> **WORK INSTRUCTION**: Each line in the material below, starting at the one with "仲間増やしといえば、以前は地" and ending at the one with "Why did Sluggo", is to be reproduced exactly; no picture is to be copied.

> **DATA SHOWN**:
┄┄┄┄┄┄┄┄┄┄
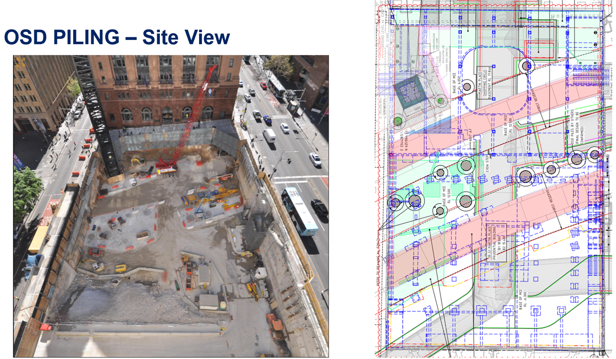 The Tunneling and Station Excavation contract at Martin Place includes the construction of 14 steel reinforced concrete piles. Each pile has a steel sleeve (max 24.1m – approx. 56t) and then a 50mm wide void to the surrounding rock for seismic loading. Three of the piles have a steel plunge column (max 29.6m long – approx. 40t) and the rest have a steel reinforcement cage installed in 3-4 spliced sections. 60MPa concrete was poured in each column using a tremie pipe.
┄┄┄┄┄┄┄┄┄┄
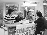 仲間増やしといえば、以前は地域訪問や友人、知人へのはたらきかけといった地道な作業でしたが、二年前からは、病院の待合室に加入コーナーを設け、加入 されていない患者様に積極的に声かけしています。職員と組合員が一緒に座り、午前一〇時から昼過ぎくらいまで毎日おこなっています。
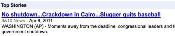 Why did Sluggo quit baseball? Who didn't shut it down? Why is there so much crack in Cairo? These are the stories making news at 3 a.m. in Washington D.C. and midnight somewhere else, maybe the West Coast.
┄┄┄┄┄┄┄┄┄┄
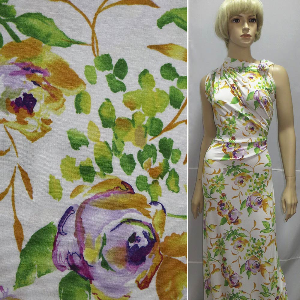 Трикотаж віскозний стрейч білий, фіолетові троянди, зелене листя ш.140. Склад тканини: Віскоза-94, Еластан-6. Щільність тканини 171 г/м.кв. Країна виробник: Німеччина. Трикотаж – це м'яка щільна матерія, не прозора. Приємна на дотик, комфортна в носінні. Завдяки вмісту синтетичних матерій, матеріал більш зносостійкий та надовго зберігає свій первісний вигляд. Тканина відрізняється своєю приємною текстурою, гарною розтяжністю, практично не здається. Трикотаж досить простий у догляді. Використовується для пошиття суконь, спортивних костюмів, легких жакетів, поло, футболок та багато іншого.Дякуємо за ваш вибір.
┄┄┄┄┄┄┄┄┄┄
> **EXPECTED ANSWER**:
 仲間増やしといえば、以前は地域訪問や友人、知人へのはたらきかけといった地道な作業でしたが、二年前からは、病院の待合室に加入コーナーを設け、加入 されていない患者様に積極的に声かけしています。職員と組合員が一緒に座り、午前一〇時から昼過ぎくらいまで毎日おこなっています。
 Why did Sluggo quit baseball? Who didn't shut it down? Why is there so much crack in Cairo? These are the stories making news at 3 a.m. in Washington D.C. and midnight somewhere else, maybe the West Coast.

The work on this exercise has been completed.